27.04.2026
Gernot Fritz
A satellite drifts out of control and threatens to collide with another object in orbit. A private company launches a constellation of hundreds of satellites, reshaping entire orbital regions. A state conducts a test that generates thousands of debris fragments, affecting missions worldwide.
None of this is hypothetical.
And yet, when confronted with these scenarios, the instinctive reaction is often the same:
surely, outer space must be a legal vacuum.
It is not.
But neither does it mirror any legal order we know from Earth. There are echoes – regulatory logics that feel familiar, concepts that resemble terrestrial regimes, even parallels to areas such as deep seabed mining under the framework of the United Nations Convention on the Law of the Sea. And yet, on closer inspection, these similarities begin to diverge. The structures may look alike, but they operate differently, are built on distinct principles, and often lead to entirely different outcomes.
A legal system without territory
Law on Earth is deeply tied to territory. States exercise sovereignty within defined borders, enforce rules through institutions, and resolve disputes through courts. Outer space departs from all of these assumptions.
There is no sovereignty in space. No state can claim ownership over parts of the Moon, Mars or orbital regions (as discussed in more detail in our recent blog post). This principle is not merely political rhetoric – it is a cornerstone of international space law, codified in the Outer Space Treaty and complemented by four additional international treaties. Under this framework, outer space “is not subject to national appropriation” by any means.
At the same time, outer space is open to all. Exploration and use are free, and must be carried out for the benefit of all countries.
The result is a legal environment that resembles neither classical state territory nor a true global commons. It is something in between: a shared domain governed by a limited set of principles.
The paradox of freedom and constraint
This combination (freedom of use and prohibition of appropriation) creates a structural tension. States and private actors are free to launch satellites, explore celestial bodies and develop commercial activities. But they cannot translate that use into sovereign claims or ownership rights.
In practice, this leads to a functional separation between control and title. You may operate a satellite, but you do not “own” the orbital space it occupies. You may extract data, but you do not acquire sovereignty over the environment from which it is derived.
This is not an accident. It is a deliberate design choice, rooted in Cold War politics and the desire to prevent territorial competition beyond Earth.

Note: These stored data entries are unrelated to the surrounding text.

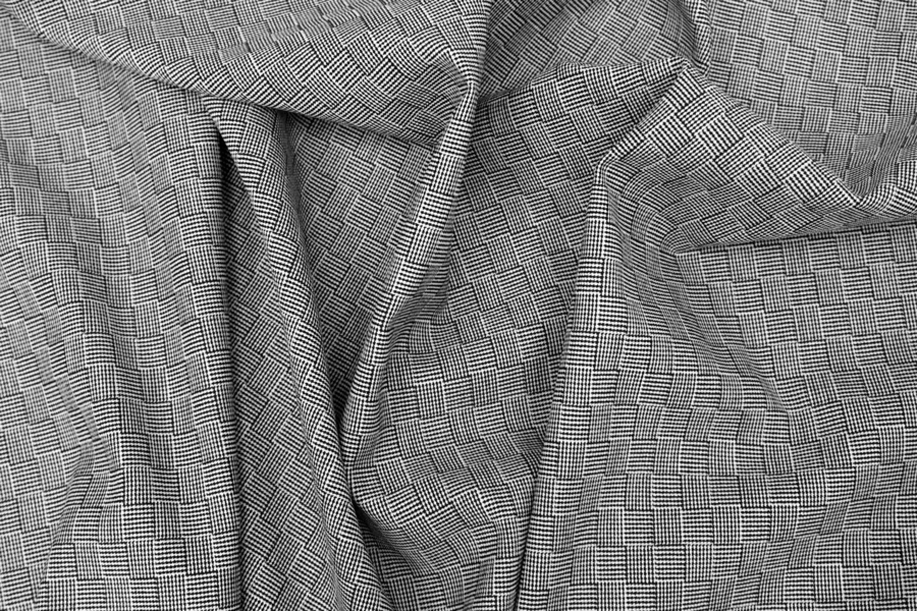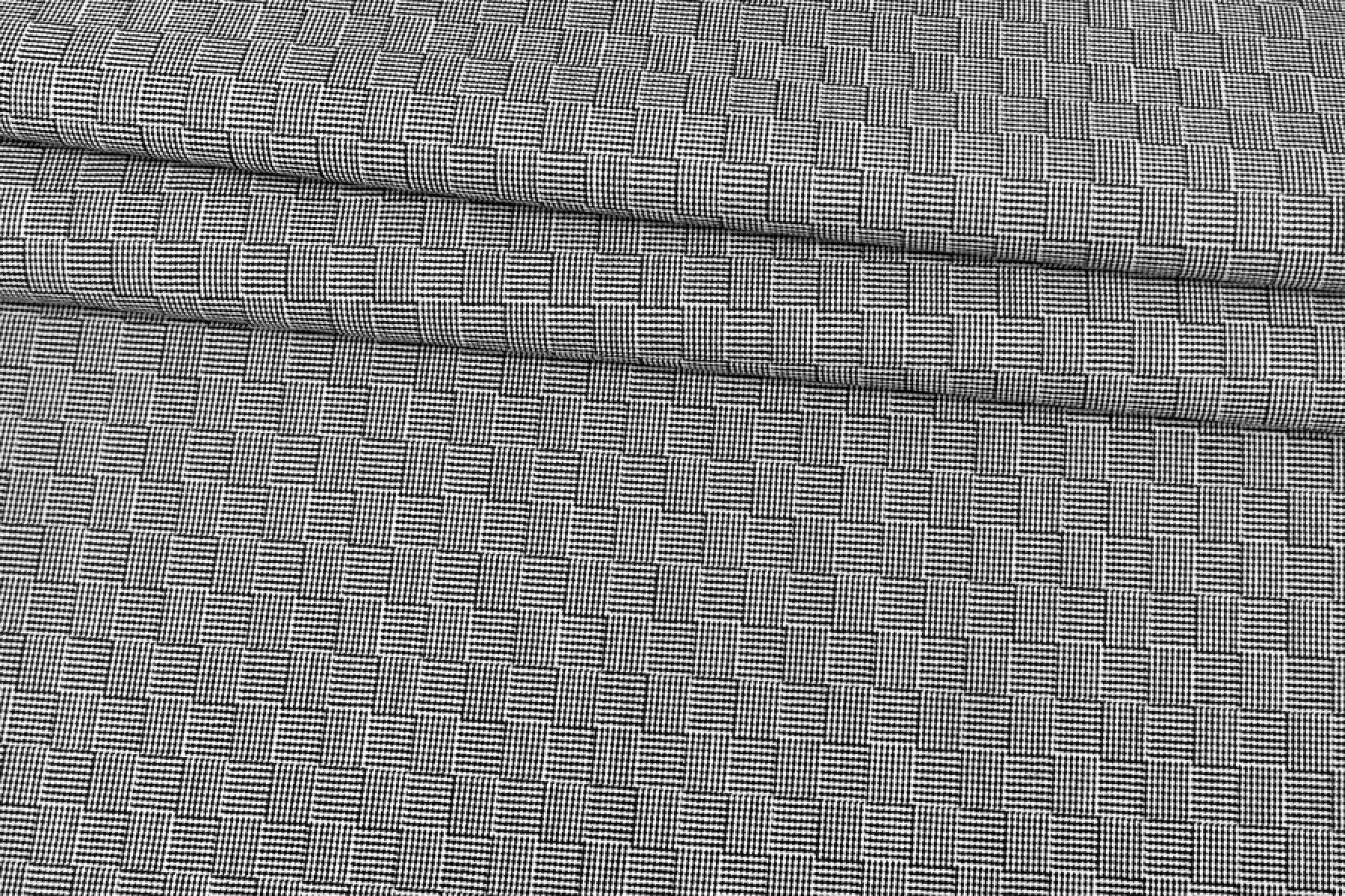Итальянская костюмная шерсть в мелкий геометрический орнамент напоминающий квадраты. Гладкая, не колется. Не просвечивает, пластичная, немного тянется, достаточно плотная, тактильно приятная. Подойдет для пошива жакета, брюк, платья, юбки, костюма, куртки-рубашки.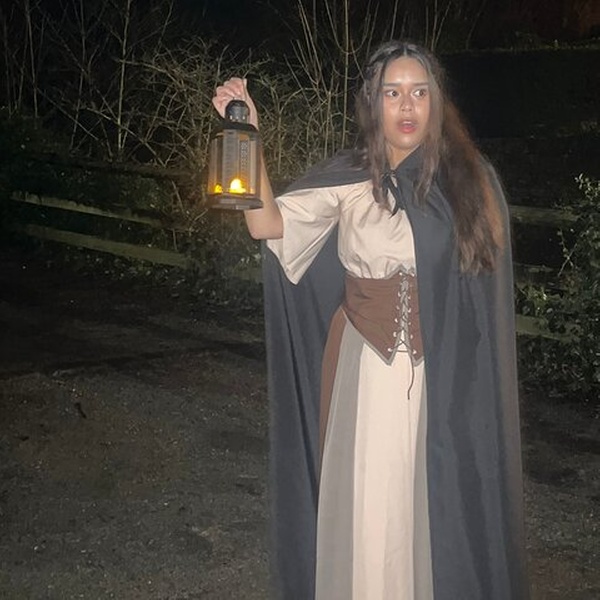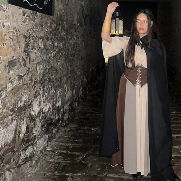 Meet your ghoulish guide - The Butcher - by the castle gates. Get acquainted as she regales you with tales about the family that haunts the castle.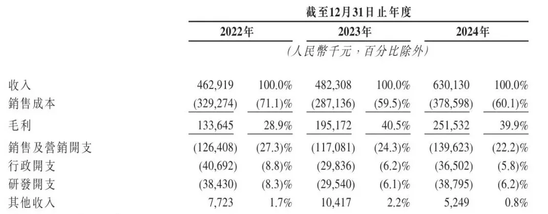 出現(xiàn)這樣的情況,一個重要原因在于,52TOYS的毛利率在同類公司中一直較低。根據招股書數據,2022年至2024年,52TOYS的毛利率分別為28.9%、40.5%和39.9%,雖然出現(xiàn)了一定程度的增長,但與同賽道的其他公司相比,仍然差距較大。比如在2024年,泡泡瑪特和布魯可的毛利率分別為66.8%和52.6%。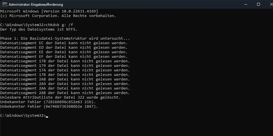 Also, CMD geöffnet, und mit CHKDSK und der Aktion f begonnen, die SSD auszulesen, aber seht selbst was im Bild steht.
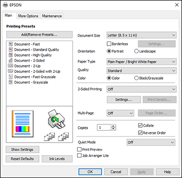 and graphics in black or shades of gray, select the Black/Grayscale setting.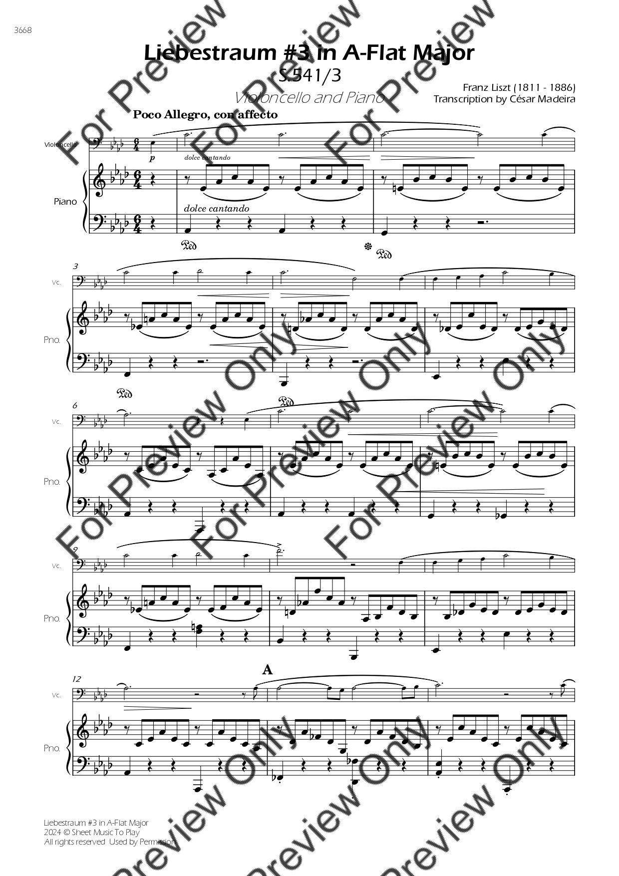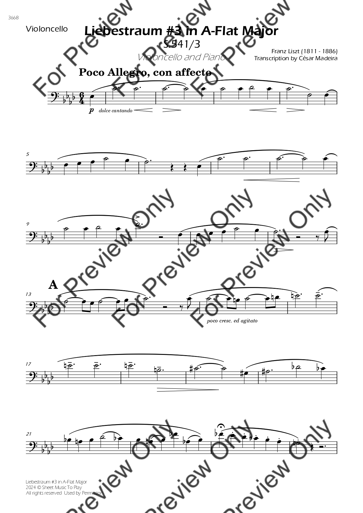 Liebestraum No.3 by Franz Liszt. Arrangement for Violoncello and Piano. With Full Score and Individual Parts. Have fun!

States remain the central actors
Perhaps the most counterintuitive feature of space law is this: Even in an increasingly commercial space economy, states remain legally central.

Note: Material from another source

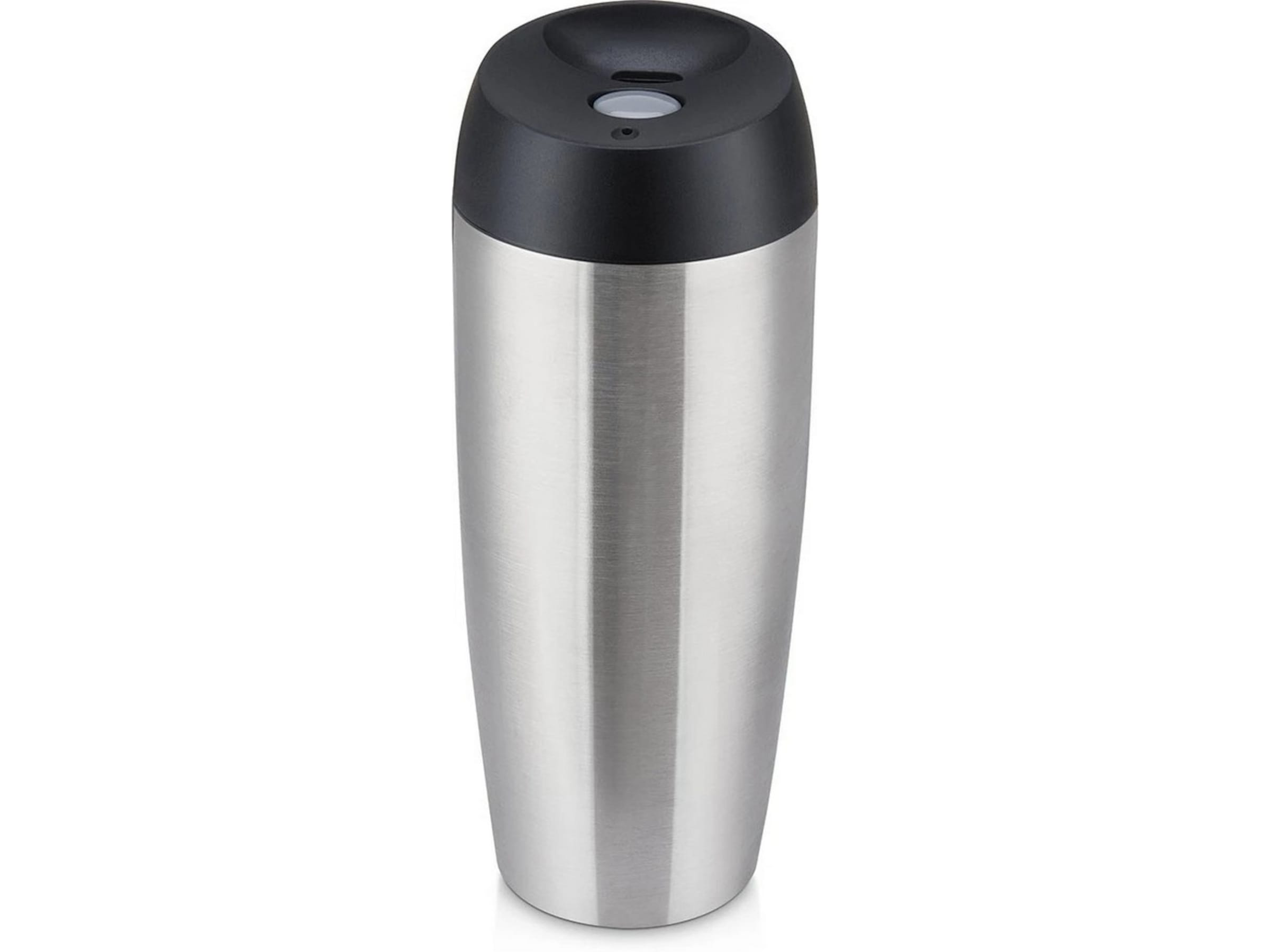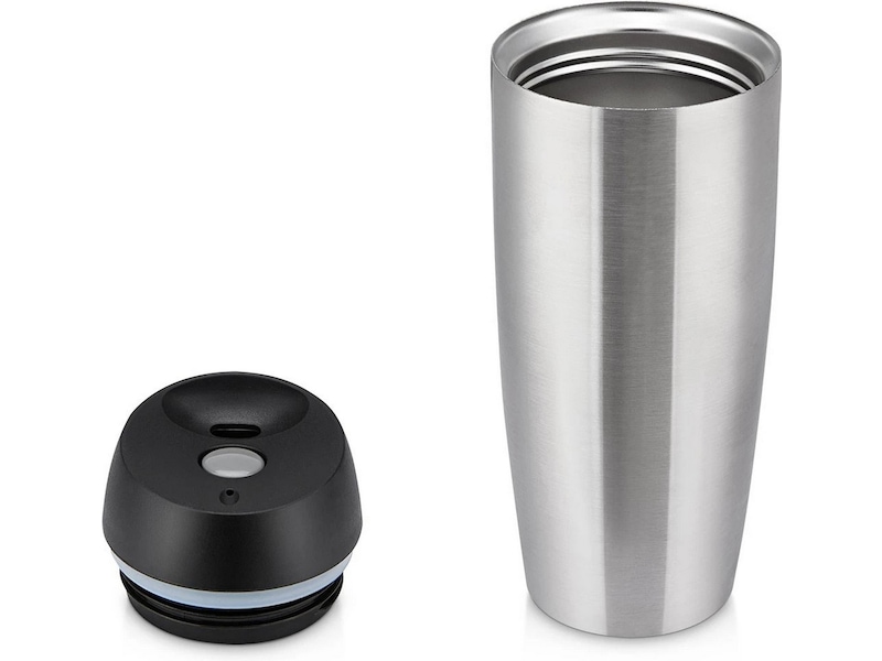 Den medfølgende termokoppen er laget av tolags rustfritt stål og har et plastlokk med varmebestandig beskyttelse. Dette gjør den ideell for å ta med kaffen din og nyte den underveis, enten det er i bilen, på bussen, eller på vei til jobb eller skole.

Under international space law, states bear responsibility for all national space activities – including those carried out by private companies.
This has two immediate consequences.
First, private space activities do not operate independently of legal oversight. They require authorization and are subject to ongoing supervision at the national level.

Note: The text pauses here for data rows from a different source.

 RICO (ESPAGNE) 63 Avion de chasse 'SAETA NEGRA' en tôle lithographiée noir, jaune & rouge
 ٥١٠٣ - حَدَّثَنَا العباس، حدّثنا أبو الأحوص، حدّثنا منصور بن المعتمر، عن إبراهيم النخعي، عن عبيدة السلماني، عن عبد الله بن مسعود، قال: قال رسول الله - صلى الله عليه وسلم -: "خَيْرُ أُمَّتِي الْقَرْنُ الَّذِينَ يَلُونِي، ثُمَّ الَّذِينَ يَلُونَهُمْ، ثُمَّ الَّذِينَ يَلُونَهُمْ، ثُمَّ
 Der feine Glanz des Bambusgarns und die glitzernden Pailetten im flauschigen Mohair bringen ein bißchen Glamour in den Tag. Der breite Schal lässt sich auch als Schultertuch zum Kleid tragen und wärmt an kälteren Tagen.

Second, responsibility is allocated at the state level. From an international law perspective, it is not the company that acts in space – it is the state behind it.
This indirect regulatory model is one of the defining features of the system.
Jurisdiction without geography
If there is no territory, how does law apply in concrete terms?
The answer lies in a concept that replaces territorial jurisdiction: registration, control and other connecting factors recognised under international space law.
Space objects (satellites, stations, spacecraft) are registered by states. This registration plays a central role in allocating jurisdiction and control over the object and its personnel, as well as the operating entity, regardless of the space object’s physical location. It is not the only connecting factor, but it provides a clear and internationally recognised anchor point for attributing legal authority in an environment otherwise lacking territorial boundaries.
In practical terms, this means that law in outer space is often attached to the object, not the location.
A satellite orbiting the Earth is not subject to the law of the region it passes over. It remains governed by the legal system of the state of registry.
This creates a fragmented but functional legal map – one that moves with the objects themselves.
Enforcement without a central authority
What the system lacks is equally important. There is no central enforcement mechanism. No global regulator monitors compliance. No court exercises universal jurisdiction over space activities.
Instead, enforcement relies on a combination of national implementation and supervision, diplomatic interaction, and mutual interest in maintaining a usable space environment. This makes the system inherently decentralized and cooperative. It works – but only as long as the underlying incentives remain aligned.
A system under pressure
The legal framework governing outer space was developed in the 1960s. It is concise, principle-based, and deliberately open-ended. That has been its strength – and is increasingly its weakness.
Today, space is no longer dominated by a small number of state actors. It is a dynamic and rapidly expanding domain shaped by private companies, large-scale satellite constellations, and emerging commercial activities. Many of these developments were not anticipated when the foundational rules were drafted.
As a result, the system is being tested – not by outright violations, but by new use cases that stretch its underlying assumptions.
Conclusion
Outer space is not a legal vacuum. But neither is it a fully developed legal order.
It is a system built on a small number of fundamental principles: non-appropriation, freedom of use, state responsibility and peaceful purposes. These principles have proven remarkably resilient.
The question is not whether law exists in outer space. The more interesting question is whether the existing framework is sufficient for what comes next.